Porque me sinto imóvel enquanto o tempo arranca meus pedaços na imperfeita renovação do meu corpo: cada célula é uma cópia mal feita que se reproduz cada vez mais deformada até morte.
Por isso “eu odeio ser eu” A cada instante que me dou conta de que EU observo mundo através de meus olhos estragados pelo cerotocone que dia a dia se torna mais acentuado... Uma pirâmide na topografia de cada olho. Será que ficarei cego?
E me odeio cada vez mais enquanto escrevo estas eternas repetições. Tenho uma mente ruminante, vejam só! Uma prisão. Ramster de óculos correndo na roda... roda das lembranças de erros e frustrações que giram, giram, giram sempre iguais e distantes enquanto as persigo...
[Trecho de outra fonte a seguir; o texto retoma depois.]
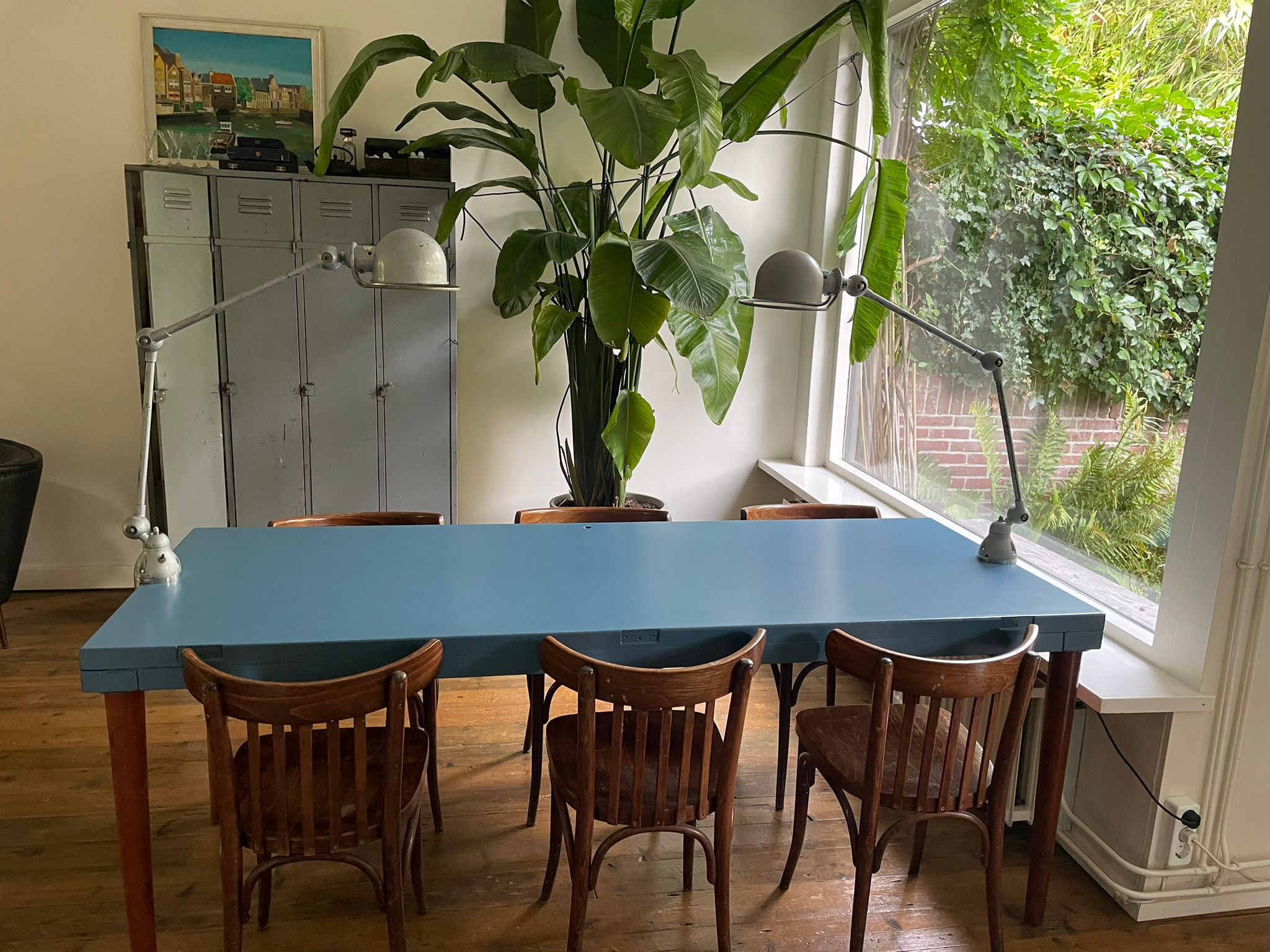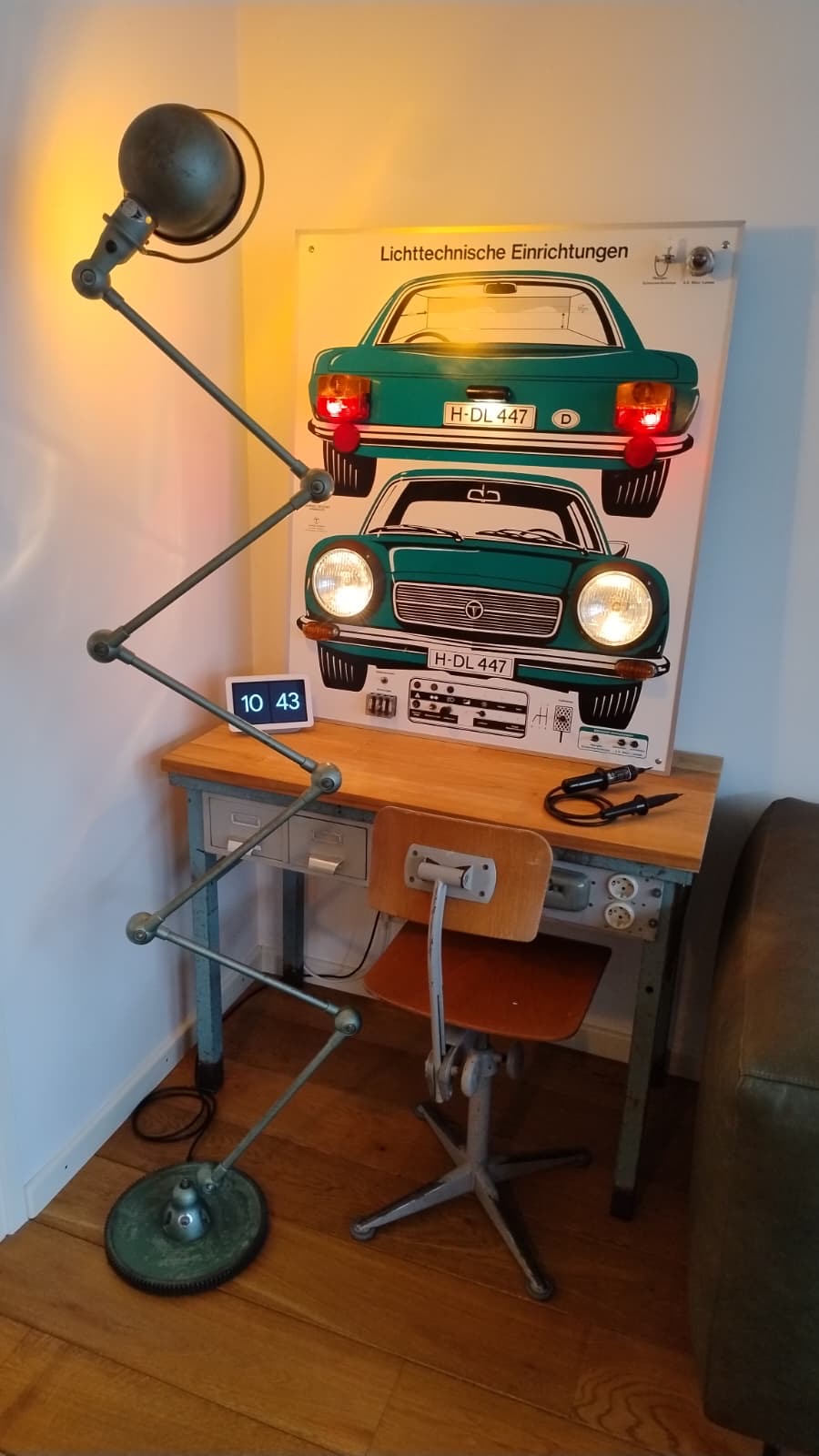 Een Jieldé als tekentafel lamp. De tekentafel is ontworpen door de Nederlandse ontwerpers Friso Kramer en Wim Rietveld. Zowel de lamp als de tekentafel zijn ontwerpen uit de jaren ’50.
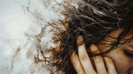 Close-up of a woman head, hands gripping damaged hair, symbolizing the need for hair treatment and care. Copy space available.
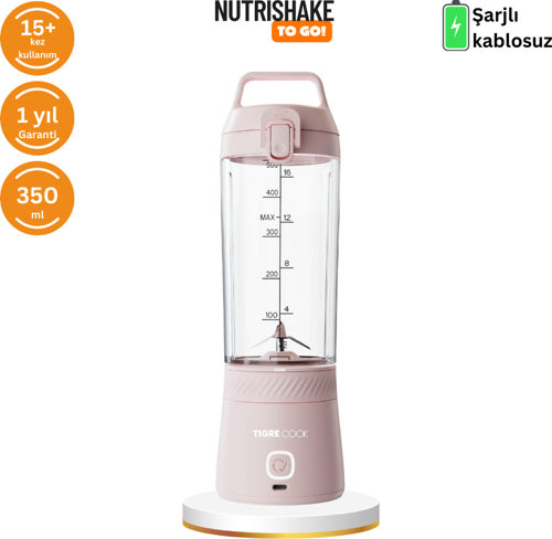 Tigrecook TIGRECOOK Blender Kişisel Taşınabilir Kablosuz Mikser ve Smoothie Makinesi Şarj Edilebilir pembe
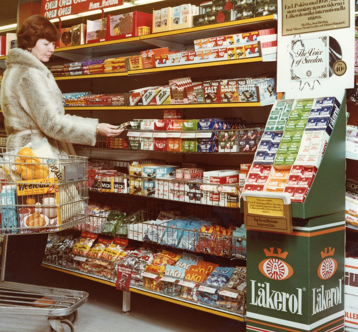 Marknad Sverige. Läkerolställ (papp) vid säljhyllor.
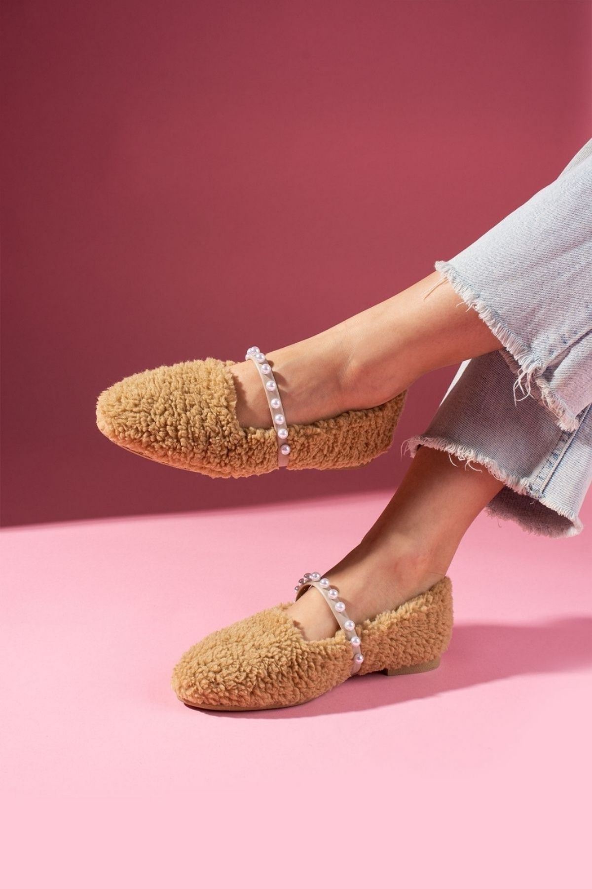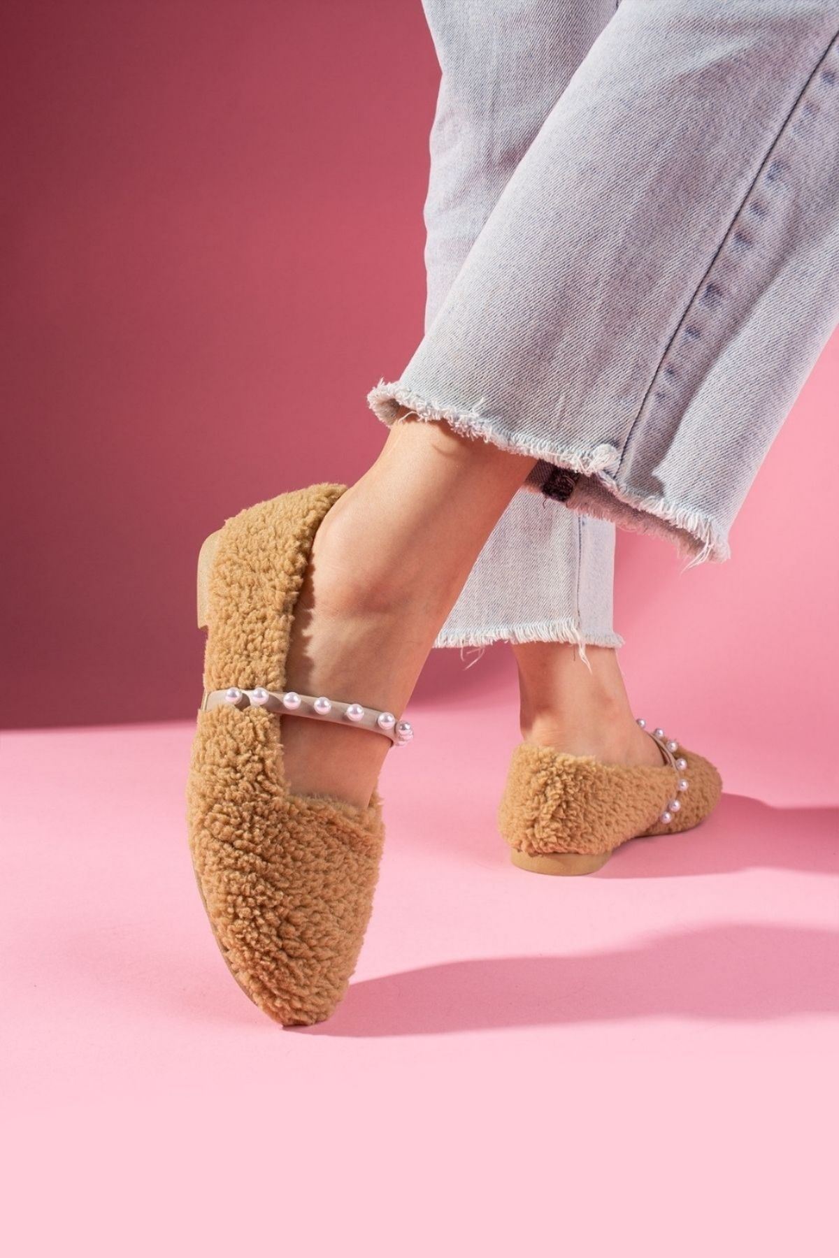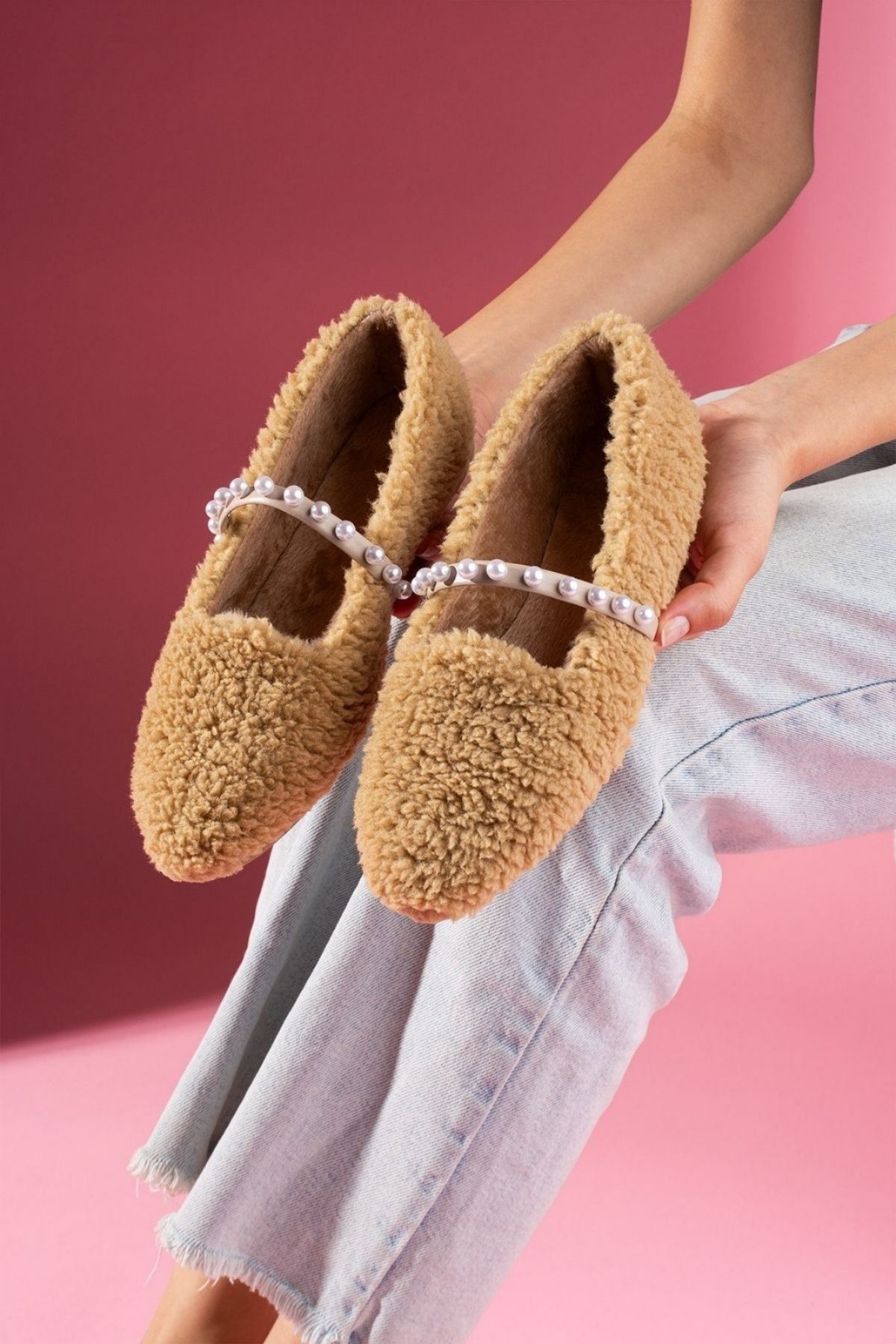Bekin Bej Yanı Açık Arkası Fiyonk Detaylı Örgü Triko Babet
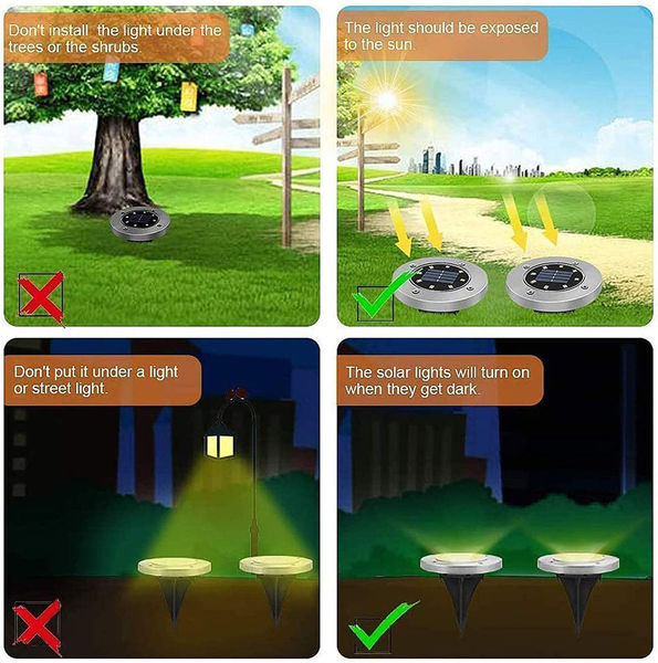 Автоматическое включение/выключение: наружные солнечные фонари автоматически включаются в темноте или ночью и выключаются днем или в ярко освещенном месте. Солнечные дисковые фонари со встроенным Ni-MH аккумулятором большой емкости 600 мАч. Для полной зарядки требуется всего 6-8 часов, а время работы может составлять 8-10 часов. (Время работы будет меняться в зависимости от погоды.)
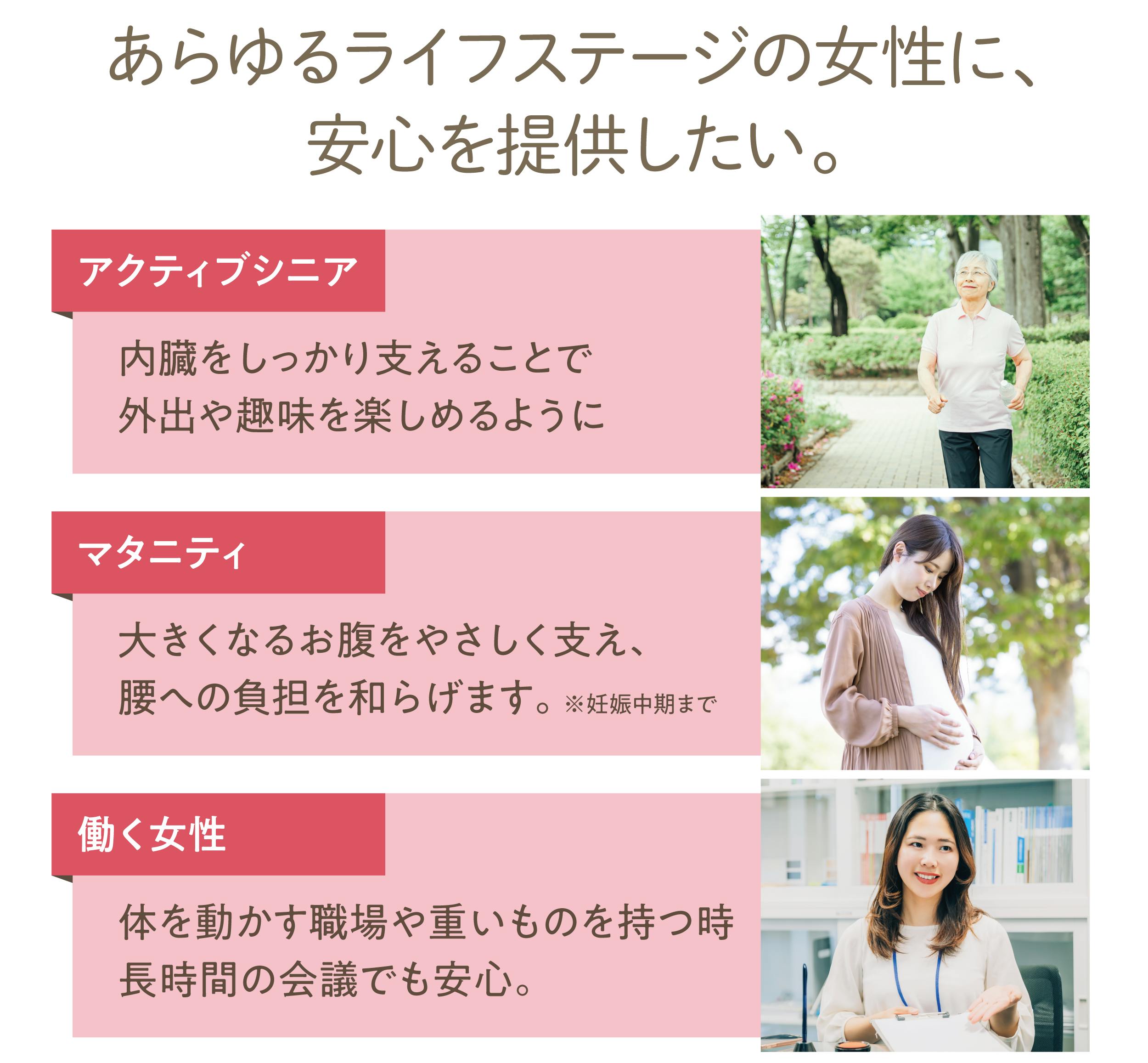 デリケアベルト フェミーナは、骨盤底筋や内臓をやさしく支えることで、日常生活の不安を軽減します。
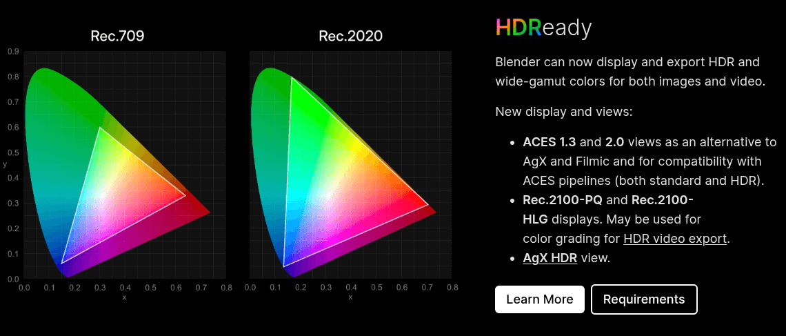 The color pipeline now supports HDR and wide gamut colors for images and video. You get new display options like Rec.2100-PQ, Rec.2100-HLG, and AgX HDR. Using HDR on Blender requires a compatible monitor, Vulkan backend on Windows and Linux, and Wayland on Linux. Apple Silicon Macs work out of the box.
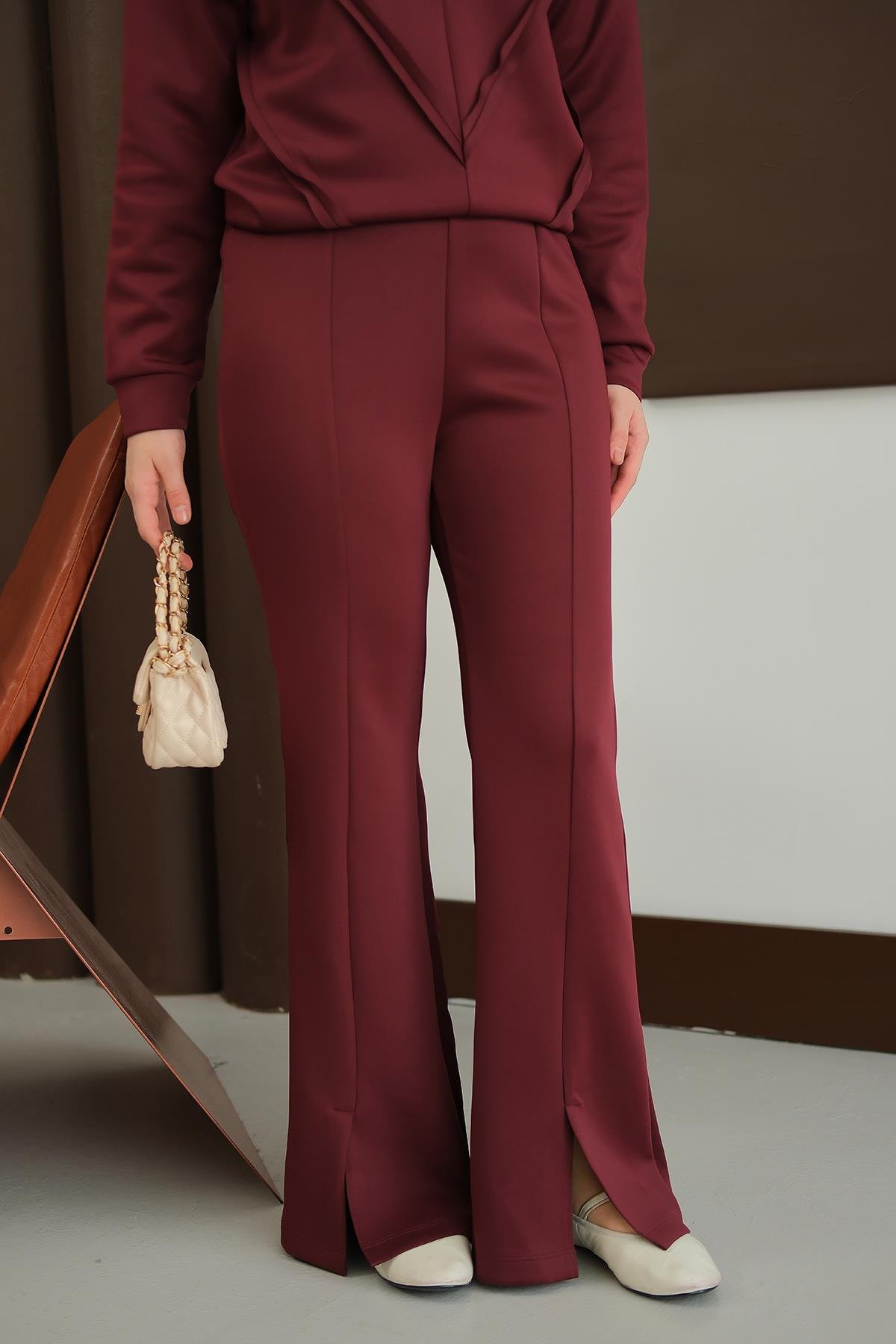 Ön Yırtmaçlı Scuba Pantolon Mürdüm

Só resta me odiar mesmo... preso de costas para vida observando as sombras, sombras, eu estou nas sombras... pretensamente inocente, a espera da luz redentora. E eu odeio ser EU porque tudo que sei dizer é que estou de mãos atadas, e mais nada. “oh! minhas mãos estão presas enquanto rolo descida abaixo. Realmente uma condição triste. Estou de mãos atadas enquanto a queda infinita da morte se aproxima. Sim, não conseguirei soltar as mãos para me agarrar à qualquer coisa. Mas sou consciente do meu presente e o que me espera.” Me agarro a isto, a esta ilusão, mas e daí? De que me serve a ilusão de consciência se estou rolando rumo à queda infinita?
“eu Odeio ser EU”
Por que há qualquer coisa que enterra meus pés no medo. O Vôo assim torna-se impossível.
“eu Odeio ser EU”
porque minhas chaves não abrem tranca alguma, muito menos aquelas que me mantém preso à COISA que está dentro de mim e que não me deixa viver. [Julia, esse Sol é mesmo de matar]
“eu Odeio ser EU”
Porque todo tempo lembro das minhas impossibilidades: as que nasceram comigo, as que me empurraram e as que reconstruo dia a dia...
...a música que não sei cantar, meu violoncelo imaginário, o talento que sonhei ter para o desenho... Queria saber desenhar o rosto dELA de todas as maneiras em todas as suas formas, as que já teve e nunca teve, para cobrir todas as paredes do meu quarto e as páginas dos meus cadernos. vÊ-LA surgir das minhas mãos a cada sonho.
...o vôo pelo salão em passos daçados...
...os lugares onde desejava estar, as situações que desejei viver um dia, os sentimentos que sonhei sentir.
... a força que gostaria de ter e que por isto invejo nos outros. Força para simplesmente não estar mais aqui nãofazendo as coisas de sempre.
... a vontade de um dia começar a contar para todos com paixão as coisas que fiz e vivi, no lugar de contar, como faço agora, contar como nãofiz...
Por isto que eu Odeio ser EU... porque nãovivo
“eu Odeio ser EU”
porque repito para mim que eu odeio ser eu, assim como uma dízima periódica daquelas que repetem uma seqüência finita... É assim meu discurso: repetido. Sem graça. Sem aquela coisa mágica de quem escreve bem... assim, cheio de mea-culpa vazia e inútil.